# GOAL OF THE EXERCISE:
The expected output is the full data, repeated exactly, without pictures.

# COLLECTED MATERIAL:
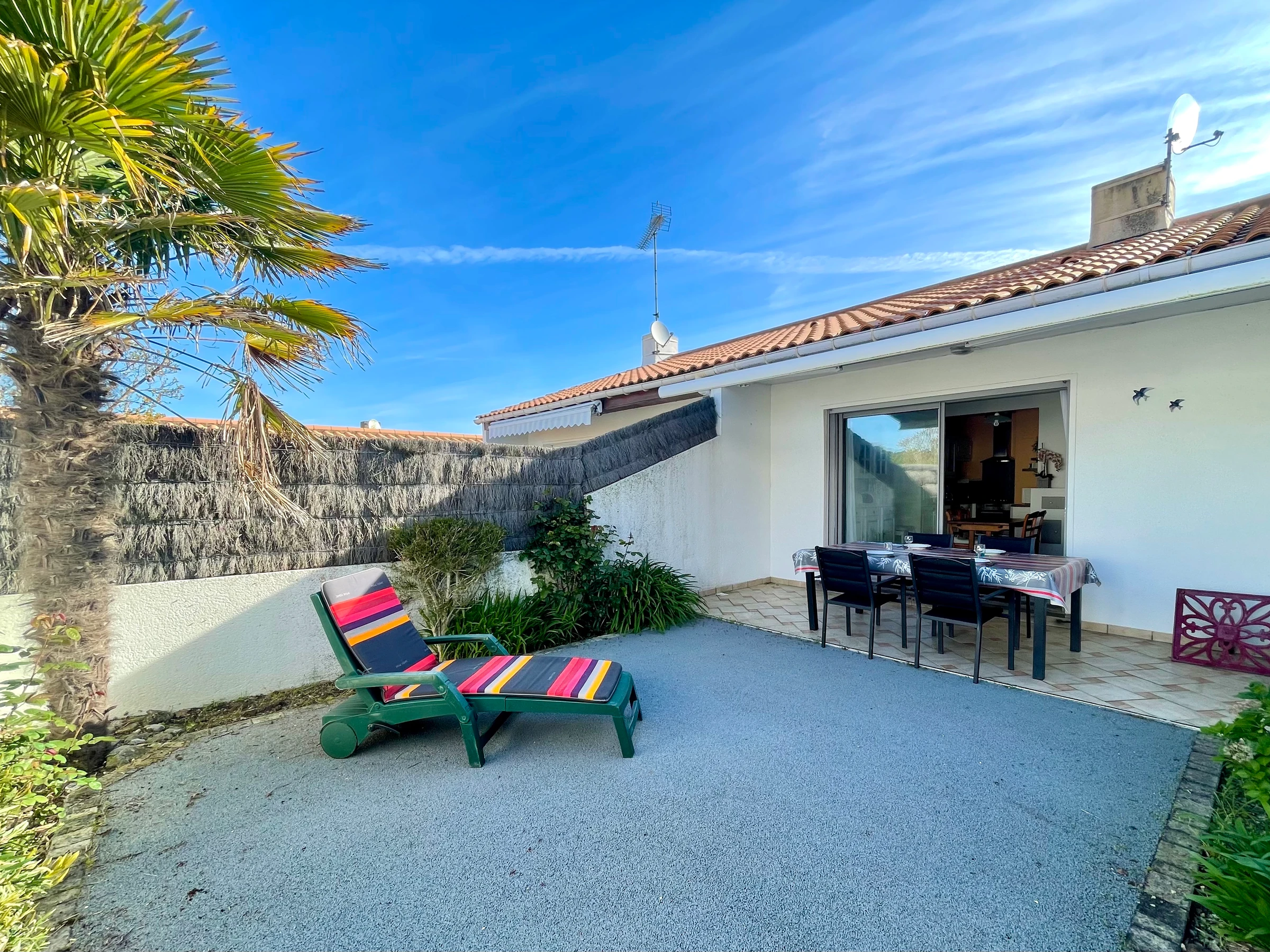 Vous apprécierez: la situation au calme d'un quartier résidentiel mais à 2 pas du coeur de bourg ainsi que l'agréable patio pour y prendre vos repas à l'ombre du store banne ou pour "chiller" sur les transats.
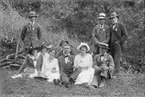 "Krigaren vilar sig." Några mannar vilar sig utomhus, mot en rishög m.m.
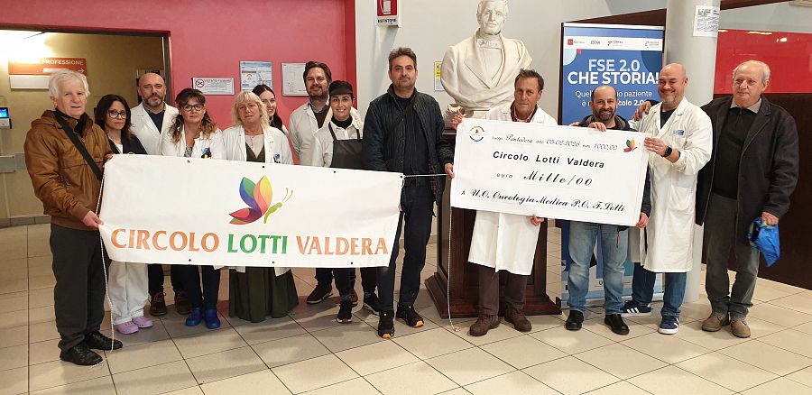 PONTEDERA — Solidarietà e attenzione in scena all'ospedale Lotti di Pontedera, dove alla Fondazione Faro, che coadiuva l'assistenza nel reparto di oncologia, è stato donato il ricavato di mille euro della lotteria di Natale 2025 organizzata dal Circolo "Lotti" Valdera, con il contributo della Primavori Assicurazioni, della caffetteria pasticceria Gori e del Bar Roma.

# YOUR RESPONSE:
 Vous apprécierez: la situation au calme d'un quartier résidentiel mais à 2 pas du coeur de bourg ainsi que l'agréable patio pour y prendre vos repas à l'ombre du store banne ou pour "chiller" sur les transats.
 "Krigaren vilar sig." Några mannar vilar sig utomhus, mot en rishög m.m.
 PONTEDERA — Solidarietà e attenzione in scena all'ospedale Lotti di Pontedera, dove alla Fondazione Faro, che coadiuva l'assistenza nel reparto di oncologia, è stato donato il ricavato di mille euro della lotteria di Natale 2025 organizzata dal Circolo "Lotti" Valdera, con il contributo della Primavori Assicurazioni, della caffetteria pasticceria Gori e del Bar Roma.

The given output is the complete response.